Racism can seep in when employers are making these decisions, he said.
While frustrating to see, the racial disparity in layoffs and hiring is something that happens every time there is a recession, said Tawanna Black, CEO of the two-year-old Twin Cities-based Center for Economic Inclusion. It's added proof, she said, that the gains made in the last few years were not as meaningful as they could have been.
"Of course these are the individuals that are going to be left out when we've connected African Americans to those low-wage jobs — our retail sector, our services sector — as opposed to creating real economic opportunity across the entire spectrum such as that we would not expect to see such a disparate impact when we have these economic shocks," she said.
Minnesota's unemployment rate fell to 8.6% in June, down from a 9.9% record high in May. While some had initially hoped for a quicker rebound, many projections are now calling for an elevated jobless rate over a longer period of time.
A forecast by IHS Markit suggests that Minnesota's unemployment rate will improve in the coming months but will not likely return to pre-pandemic levels for at least a couple of years.
As the economy does recover, it may not return to the previous structure and some jobs may end up being permanently displaced. Judging by historic patterns, that shift will likely disproportionately affect workers of color, said Wozniak of the Minneapolis Fed.
"They are going to need to make some kind of transition to find new employment, which is going to take awhile," she said. "Those are the things that are going to feed into that longer-term widening of gaps we're starting to see right now."

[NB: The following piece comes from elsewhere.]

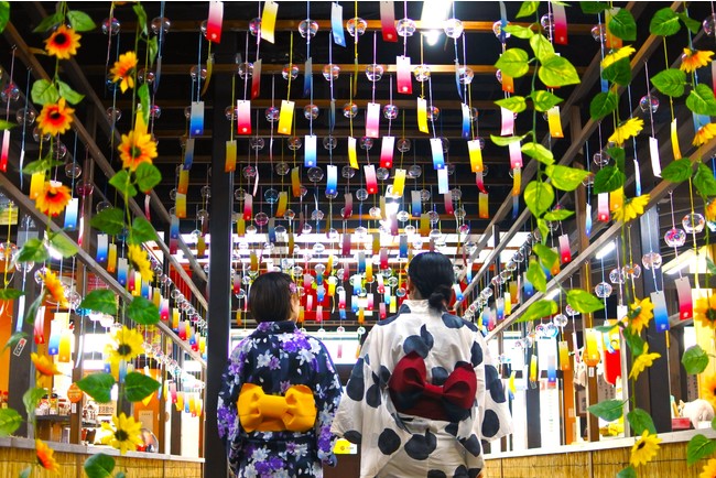 正面玄関を抜けるとすぐ!風鈴とひまわりのフラワーカーテンがお客様をお出迎え。色とりどりの風鈴がずらりと並んだ壮観な風景は目にも涼しく、夏を感じさせられるフォトスポットになっております。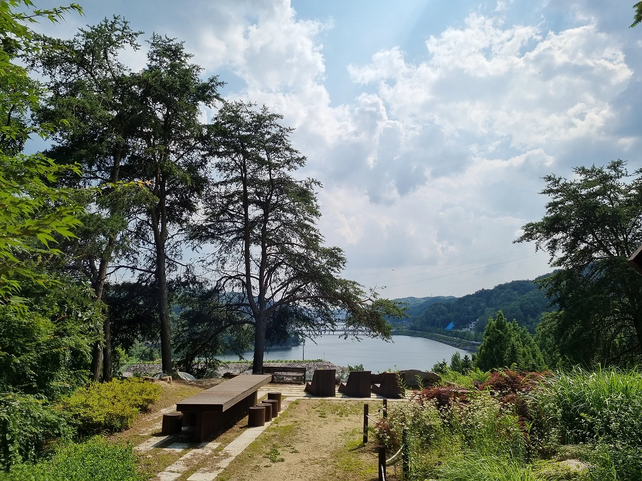 네비게이션에 '폭포공원'을 찍고 곧장 주차해서 정원을 둘러볼 수 있는데 우리는 '안동루' 근처에 주차를 하고 공원 쪽으로 내려가기로 했다. 정자에 올라서니 안동댐이 시원하게 내려다 보였다.

Federal stimulus checks and other enhanced jobless benefits have helped cushion the blow until now for many who are out of work. While they will continue to receive regular unemployment benefits, the additional $600 a week from the federal CARES Act is set to expire this week. That fiscal cliff is expected to send an influx of unemployed workers to already busy food shelves.
"That was what was really keeping the boat afloat," Sharon Record, a 20-year-old Brooklyn Park resident, said of the extra $600 a week.
Whatever has been left over after paying the rent, car insurance and groceries, she's put toward paying for community college classes in the fall. In the meantime, she has been on the job hunt for weeks.
"Wherever I see a hiring sign, I've tried to apply," she said, listing off grocery stores, fast-food chains, car dealerships and a bank.
She's gotten only one callback so far, for a job as a bank teller. She had a second interview on Friday.
Many workforce training and job placement programs have been hustling to shift their services online during the pandemic. They're now hosting job fairs over Zoom and are rolling out digital training courses. But they've also been mindful that not all people have access to computers and Wi-Fi.
Twin Cities Rise, a job training program that works mostly with people of color, received a grant from the state so it could provide Chromebooks to participants of its courses, which are now all online. Melanie Williams, the program director, is expecting to see a big uptick in people seeking its services in the next couple of weeks as the enhanced federal benefits run out.
"It's the calm before the storm," she said.
Hilary Thomas, a job counselor with the Urban League, said many people are in a holding pattern right now waiting to see if they're going to get called back to their jobs.
"People are trying to stay above water, but there's a lot of frustration," he said. "So many things they had been building toward got yanked out from under them. Many of them will have to start from square one again."